So they wander on together, waiting for the final summons. Waiting for the pip or measles, and their cough is dry aud hacking as they cough along together towards the large and wide hereafter.
They have lived so near Manhattan, where refinement is so plenty, where the joy they jerk from barley—every other day but Sunday—gives the town a reddish color, that the Shinnecock is dying, dying with his cowhide boots on, dying with his hectic flush on, while the church bells chime in Brooklyn and New Yorkers go to Jersey, go to get their fire-water, go to get their red-eyed bug-juice, go to get their cooking whiskey.
Far away at Minnehaha, in the land of the Dakota, where the cyclone feels so kinky, rising on its active hind-feet, with its tail up o'er the dash-board, blowing babies through the grindstone without injuring the babies, where the cyclone and the whopper journey on in joy together—there refinement and frumenti, with the new and automatic maladies and choice diseases that belong to the Caucasian, gather in the festive red man, take him to the reservation, rob him while his little life lasts, rob him till he turns his toes up, rob him till he kicks the bucket.
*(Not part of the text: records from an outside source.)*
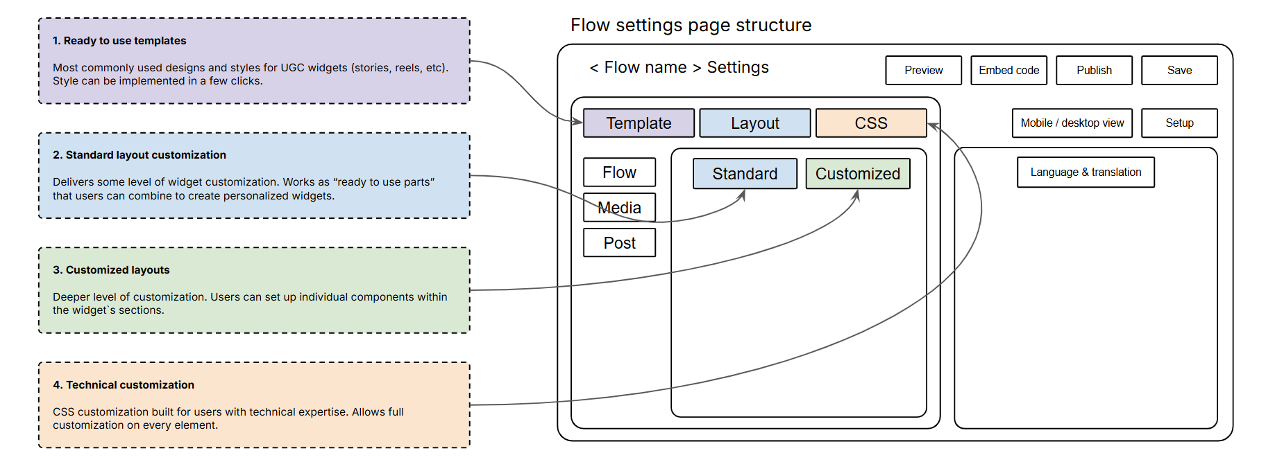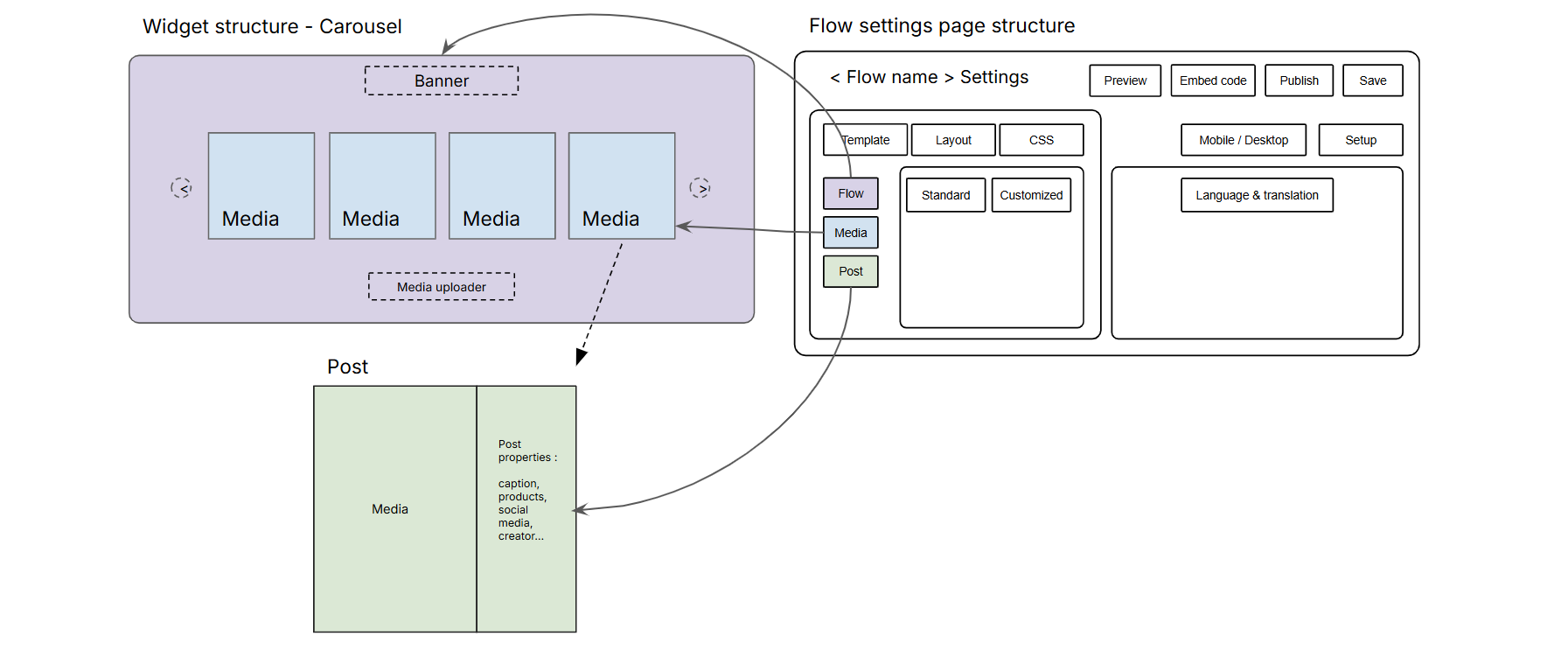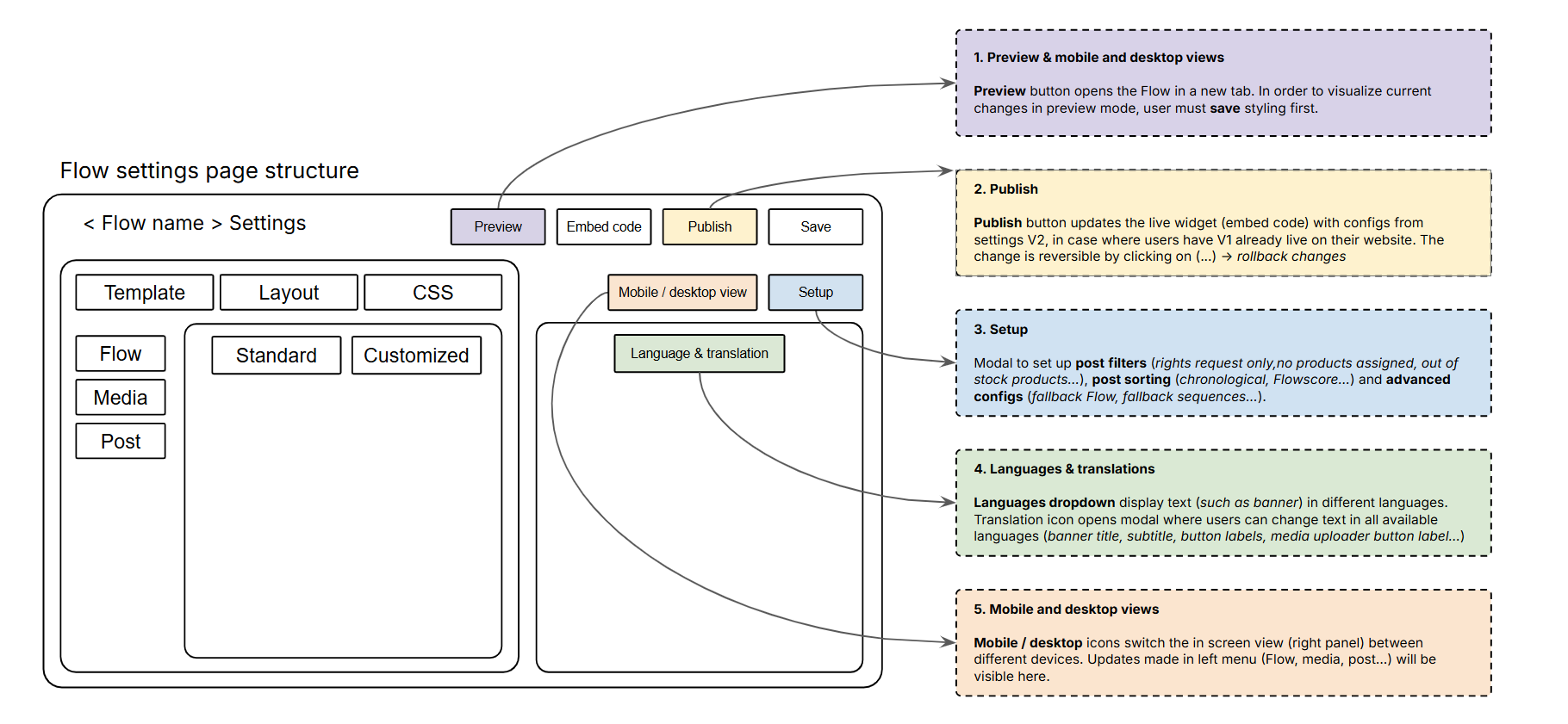 Flow design: cheat sheetMain structures & actions in Flow widget settingsProduct levelsFlow widget breakdownOther configs
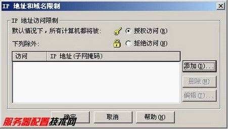 第2步,单击“IP地址和域名限制”区域中的“编辑”按钮,打开“IP地址和域名限制”对话框。默认情况下“授权访问”单选框处于选定状态,单击“添加”按钮,如下图所示:
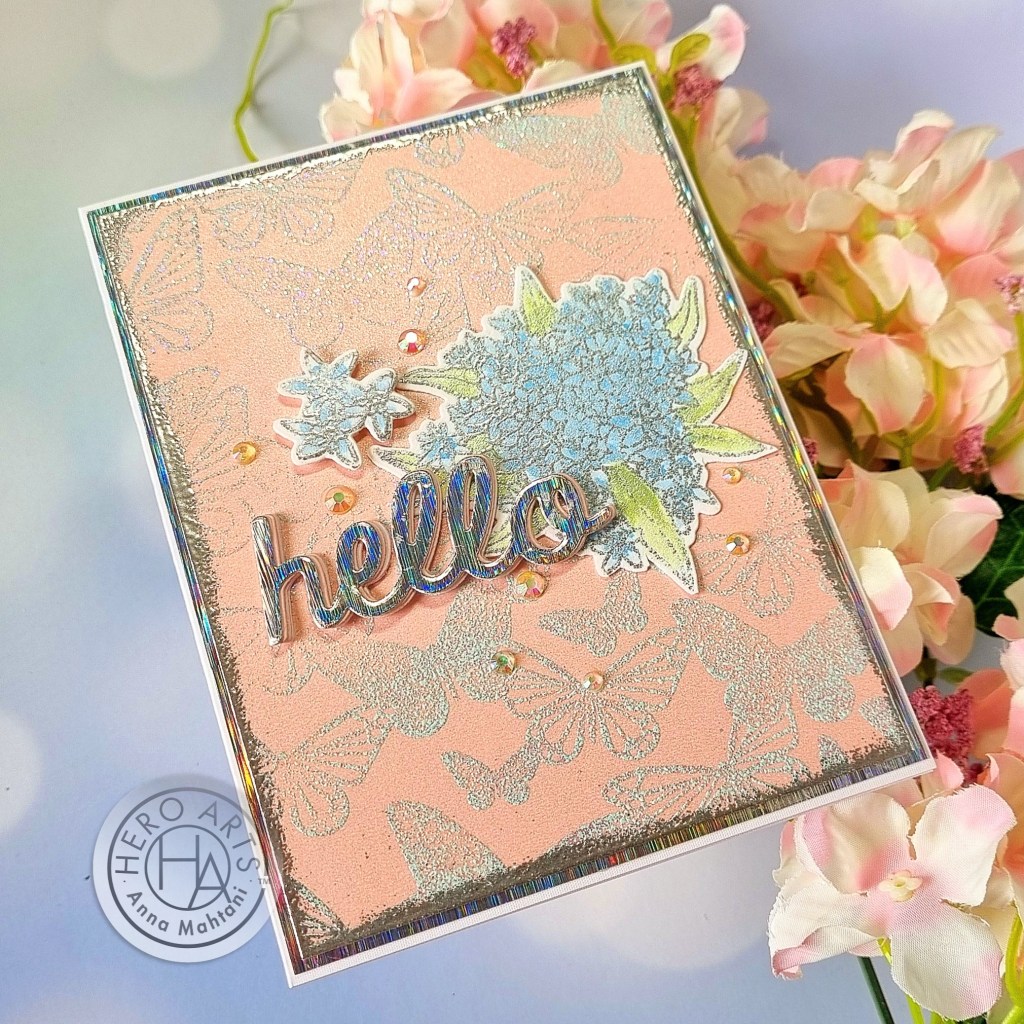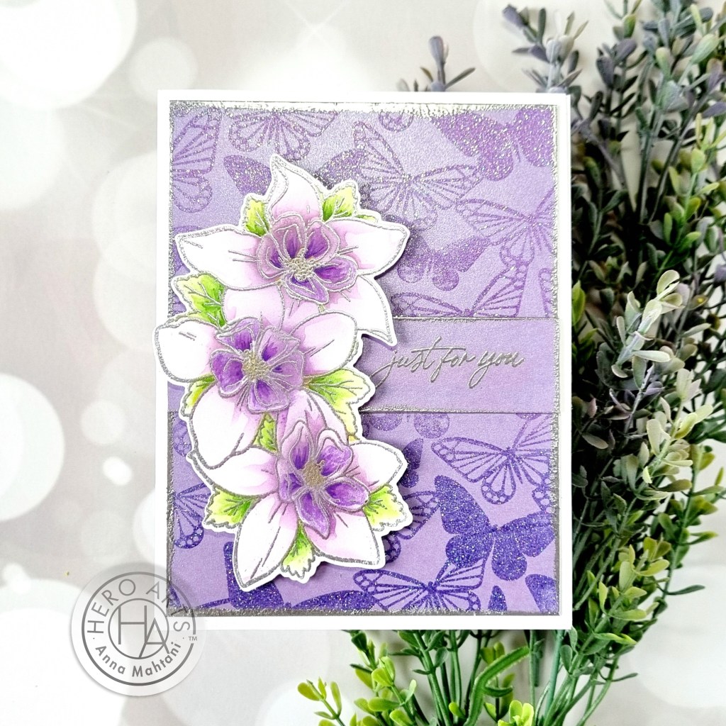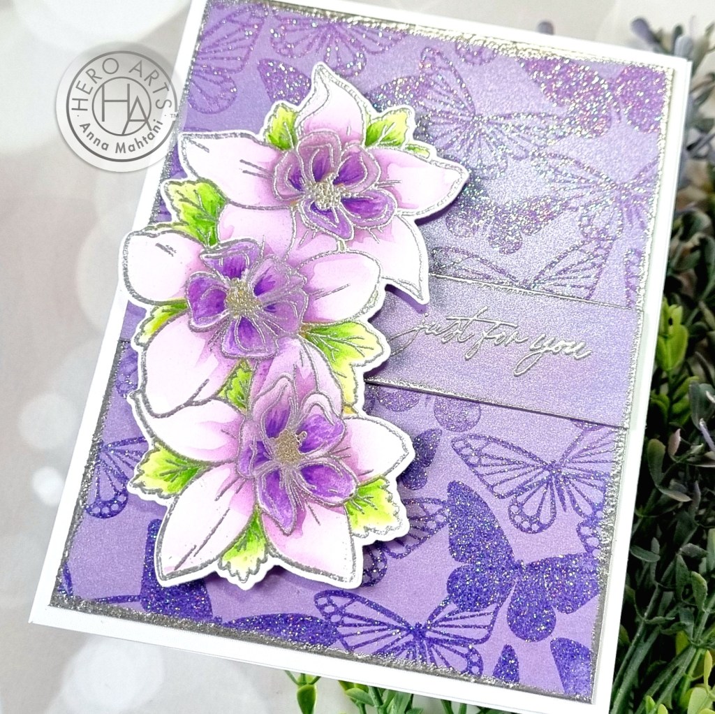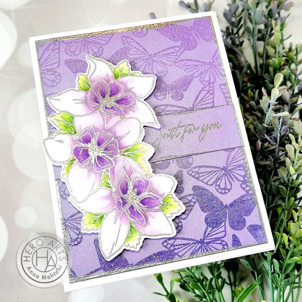 For the main image of the card, I stamped the flower cluster from the Wild Wisteria stamp & die set with embossing ink and heat embossed it using Silver embossing powder. I used the coordinating 4-pc stencil set to color in the details using the inks from the Floral & Nature Palette set of reactive inks. Then I die-cut them out using the coordinating die.

And the Shinnecock is fading, he who greeted Chris. Columbus when he landed, tired and seasick, with a breath of peace and onions; he who welcomed other strangers, with their notions of refinement and their knowledge of the Scriptures and their fondness for Gambrinus—they have compassed his damnation and the Shinnecock is busted.
WEBSTER AND HIS GREAT BOOK
NOAH Webster probably had the best command of language of any author of our time. Those who have read his great work entitled Webster's Unabridged Dictionary, or How One Word Led to Another, will agree with me that he was smart. Noah never lacked for a word by which to express himself. He was a brainy man and a good speller.
We were speaking of Mr. Webster on the way up here this afternoon, and a gentleman from Ashland told me of his death. Those of you who have read Mr. Webster's works will be pained to learn of this. One by one our eminent men are passing away. Mr. Webster has passed away; Napoleon Bonaparte is no more, and Dr. Mary Walker is fading away. This has been a severe winter on Sitting Bull, and I have to guard against the night air a good deal myself.
It would ill become me at this late date to criticise Mr. Webster's work, a work that is now I may say in nearly every office, home, school-room and counting-room in the land. It is a great book. I only hope that had Mr. Webster lived he would have been equally fair in his criticism of my books.